Это было страшно для коренных харбинцев, основателей Дороги, и многие из них теперь, когда дорога была продана, уехали в СССР вместе с совслужащими.

Наши питомцы Достоевки — из коренных, все они родились на берегах Сунгари. Отцы Тоши Хвостова, Вани Зарубина, Сенечки Жолткова, Алеши Остроумова. Оси Губерника были прямые железнодорожники, отец Пети Сосницына служил в Земельном отделе у самого Гондатти, отец Ираклия Басилашвили — из первых рестораторов, папаня Васи Благодатского — иерей в Гарнизонном храме.

Прозвища юноши имели соответственно такие: Бестер Китон, Чика, Хунхуз, Аляска, Коперник, Пьеро (Бокс), Тариэл и Понеже.

Все они, как и их родители, остались на лето в городе — канули дачи, отрезаны курорты, отныне заказана даже Вторая Сунгари. Распоясались и хунхузы. Не видать им Чжаланьтуня, и, может быть, никогда не видать.

— О, Чжаланьтунь! Какая панорама! — запел Аляска.

— О, Чжаланьтунь! Какая красота! — подпел Хунхуз.

— Сейчас бы арбузик из Цицикара! — сказал Чика.

— А какие пирожки едал я в Дуйциньшане! — вздохнул Понеже.

— Да, господа, да, молодые господа: беда, ерунда, белиберда, — сказал Пьеро.

Они шли за трофеями. Их манили брошенные уехавшими домики. Один к одному, под серенькой китайской черепицей, они стояли, утопая в садиках, и хранили много всякого добра, не поместившегося в ящики, чемоданы и баулы. Иначе быть не может.

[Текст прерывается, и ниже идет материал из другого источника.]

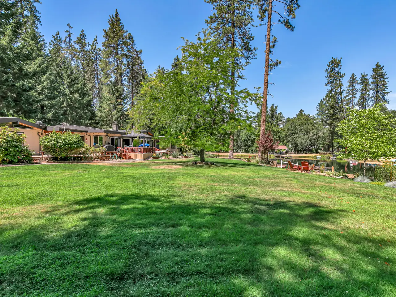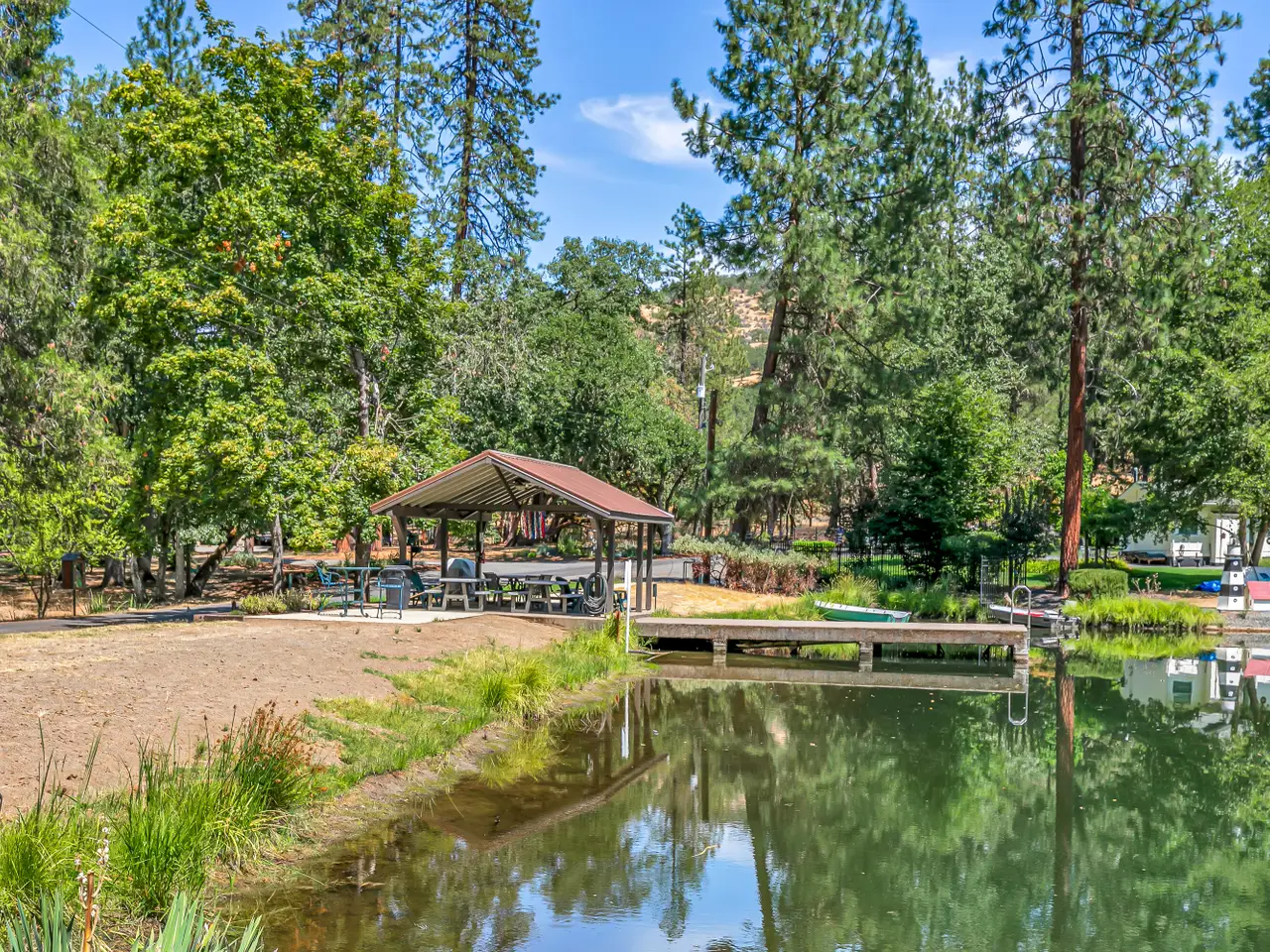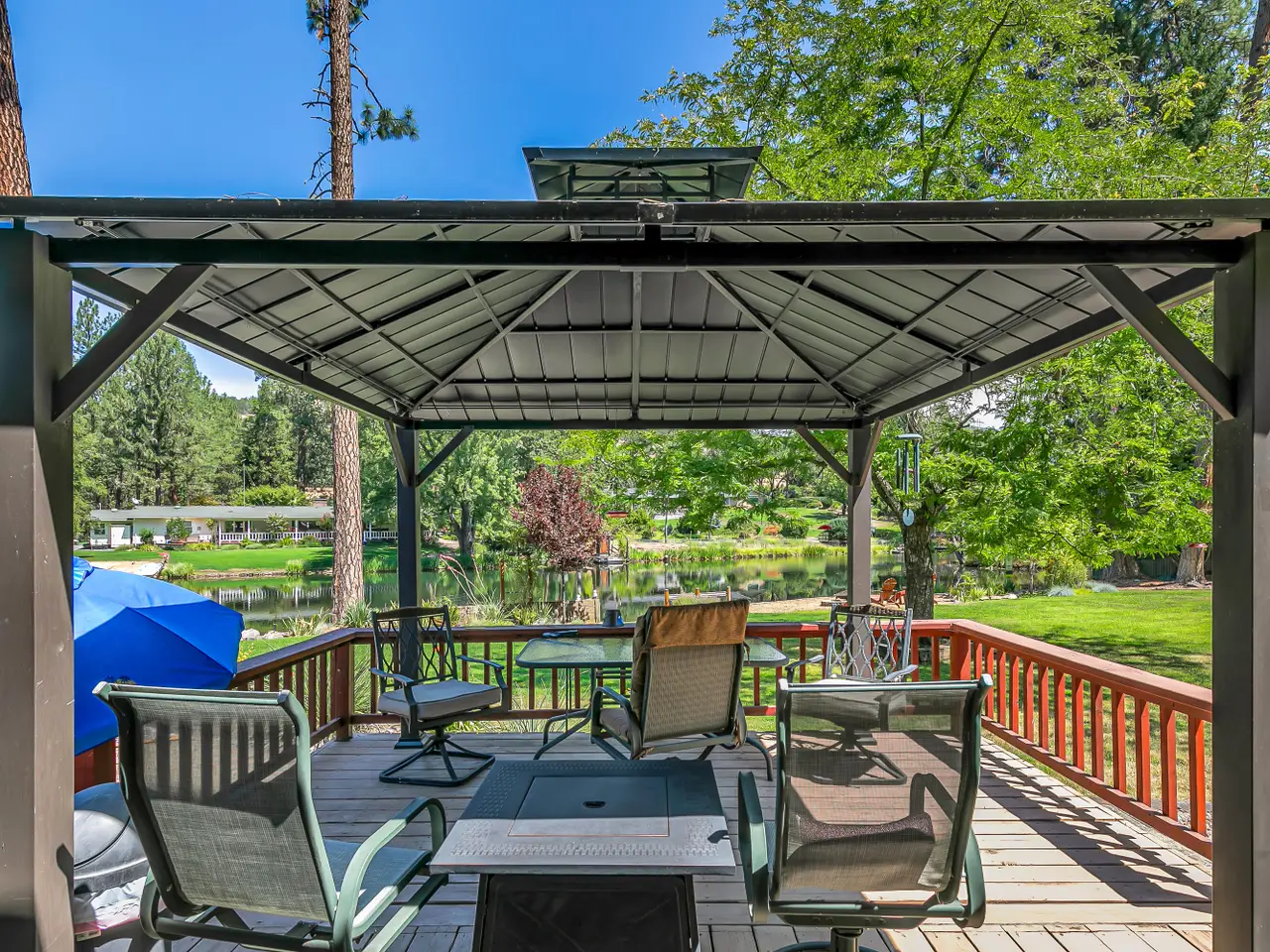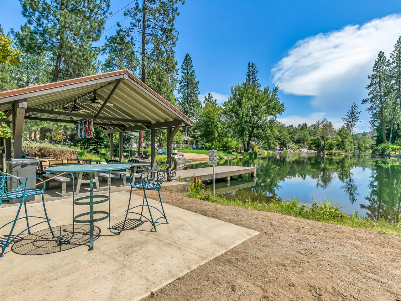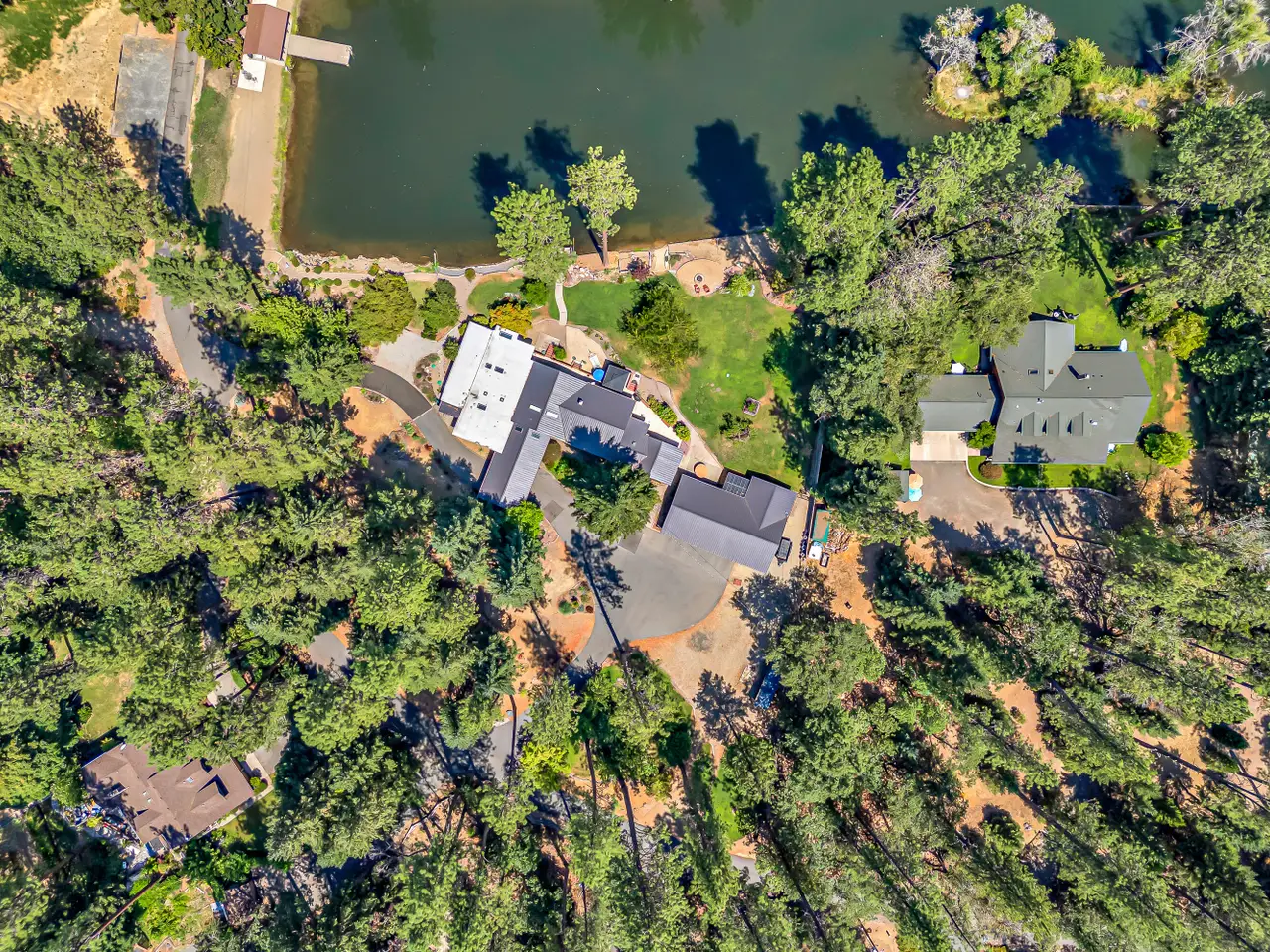 Located in the Gold Rey Estates Subdivision (only 10 mins from town), this 3200+ sq ft single level estate borders a private lake (350+ ft of lake frontage) that features 5 bedrms, 4.5 bathrms, 1.51 level acre lot w/ water rights, open floor plan, chef's kitchen (granite countertops, large island, custom Hawaiian Koa cabinetry w/ built-in pull-outs, tile flooring, large pantry w/ rotating shelving), vaulted ceilings, attached guest quarters (separate entrance way, full bathrm, bedrm, vaulted ceilings), detached 3 car garage, circular asphalted driveway, large deck, attached carport, & full RV hook ups! Owner spared no expense towards remodeling the entire primary bathroom w/ a spacious tiled walk-in shower, 3 sinks, & walk-in closet, installing metal roofs on the house, detached garage, & workshop, & enhancing the landscape. Seller is offering a one-year home warranty with an acceptable offer!
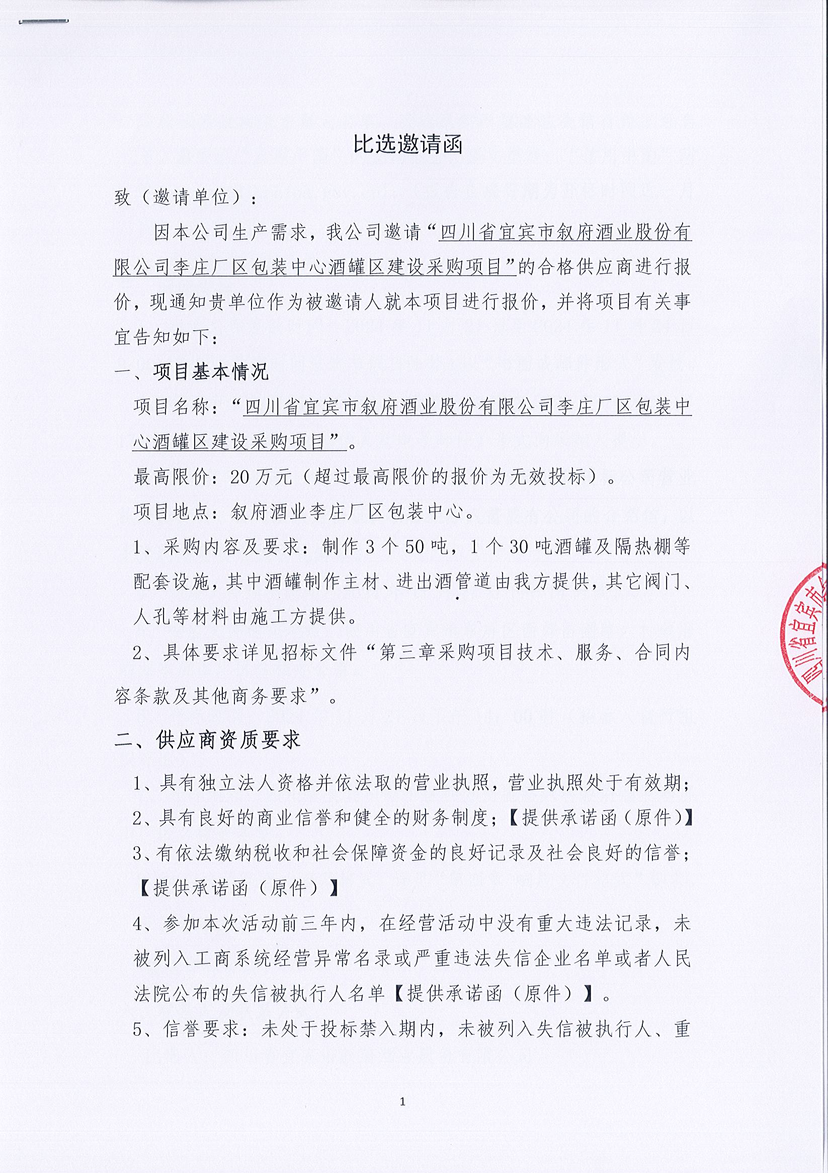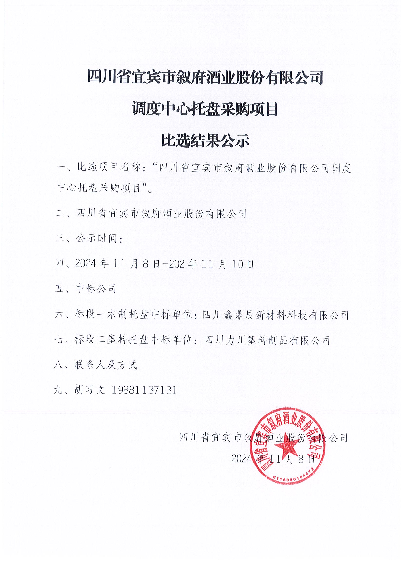 四川省宜賓市敘府酒業(yè)股份有限公司 調(diào)度中心托盤采購項目 比選結(jié)果公示
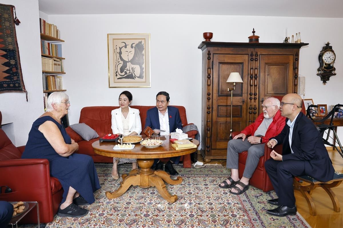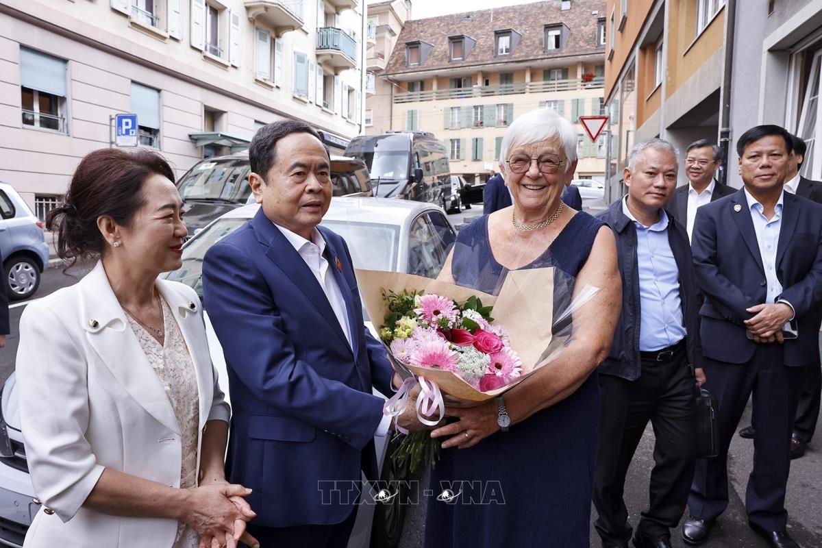 Chủ tịch Quốc hội Trần Thanh Mẫn và Phu nhân Nguyễn Thị Thanh Nga đến thăm gia đình ông bà Jacques Savary ở thành phố Vevey, Thụy Sĩ (28/7/2025). Ảnh: Doãn Tấn – TTXVN
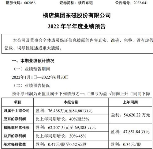 橫店?yáng)|磁:預(yù)計(jì)上半年凈利潤(rùn)7.65億元-8.47億元,同比增長(zhǎng)40%-55%
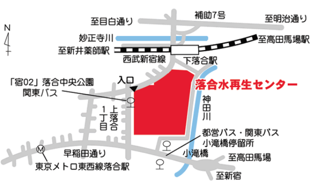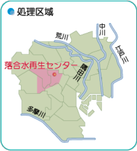 落合水再生センターは、新宿副都心に極めて近く、住宅地に囲まれた水再生センターとして環境に配慮した管理を徹底しています。処理区域は、落合処理区(3,506ヘクタール)のうち、中野・新宿・世田谷・渋谷・杉並・豊島・練馬区の一部です。
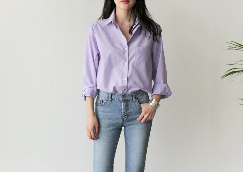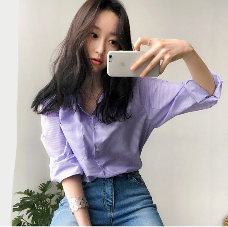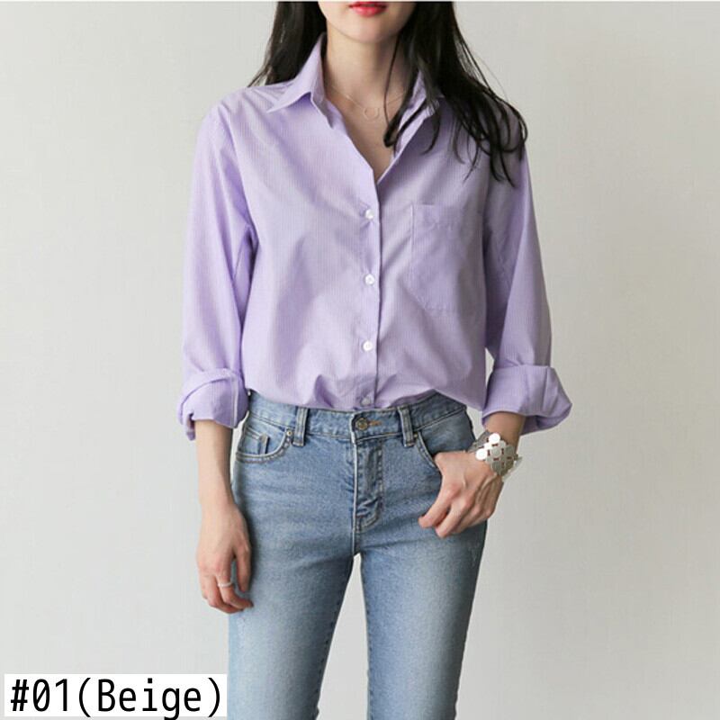 【新作】【送料無料】 春の女性のブラウスストライプターンダウンカラーオフィスレディトップスフルスリーブ女性のシャツライトパープルトップスblusas スプリング 春物 会社 学校 通勤や通学にも 12b167904658926

Домики охранял японский городовой. Вон он, тонконогий паук. По наследству от русского городового он лузгал семечки. Его звали Кането, и мальчики его ненавидели. Это Кането, выполняя японский план, открыто торговал наркотическими сигаретами-конфетами и чистым зельем. Бояться ему было некого, и он обнаглел.

К нему ходили потрепанные русские юноши из Модягоу, в основном дети белых офицеров, подопечные мерзкого Коти Родзаевского, фашиста и бандита.

Проходя мимо Кането, гимназисты издевательски-отважно сказали ему: — Конничива!

— Здорово! — ответил он по-русски и глянул подозрительно. Чистенькие сопляки, они не походили на его клиентов. Выказывая им презрение, он почесал в промежности.

— Педераст! — сказал Аляска. — Вы не находите, господа?

— Находим, — ответили ему хором.

Скоро он пойдет глотать свой рис. Они расселись в сквере, высылая на него очередных дозорных.

Мимо пробегал рикша. В его седоке они признали Мишу Родненького, родственника Чики. Несмотря на ранний час, с Мишей, музыкантом-виртуозом, была его балалайка в дорогом, расшитом золотом чехле.

— О, Мишенька! — им было приятно называть Мишенькой этого «почти гениального» взрослого человека, кумира харбинской публики.

— Куда вы, Мишенька? — окружили они его, — полдень, а вы при инструменте — как это?

Родненький не ответил. Он сказал Пьеро: — А вы, юноша, остроумны. Ваше ревю меня насмешило. Я пошлю ваши стихи Аминаду Петровичу. Бон Анимадо!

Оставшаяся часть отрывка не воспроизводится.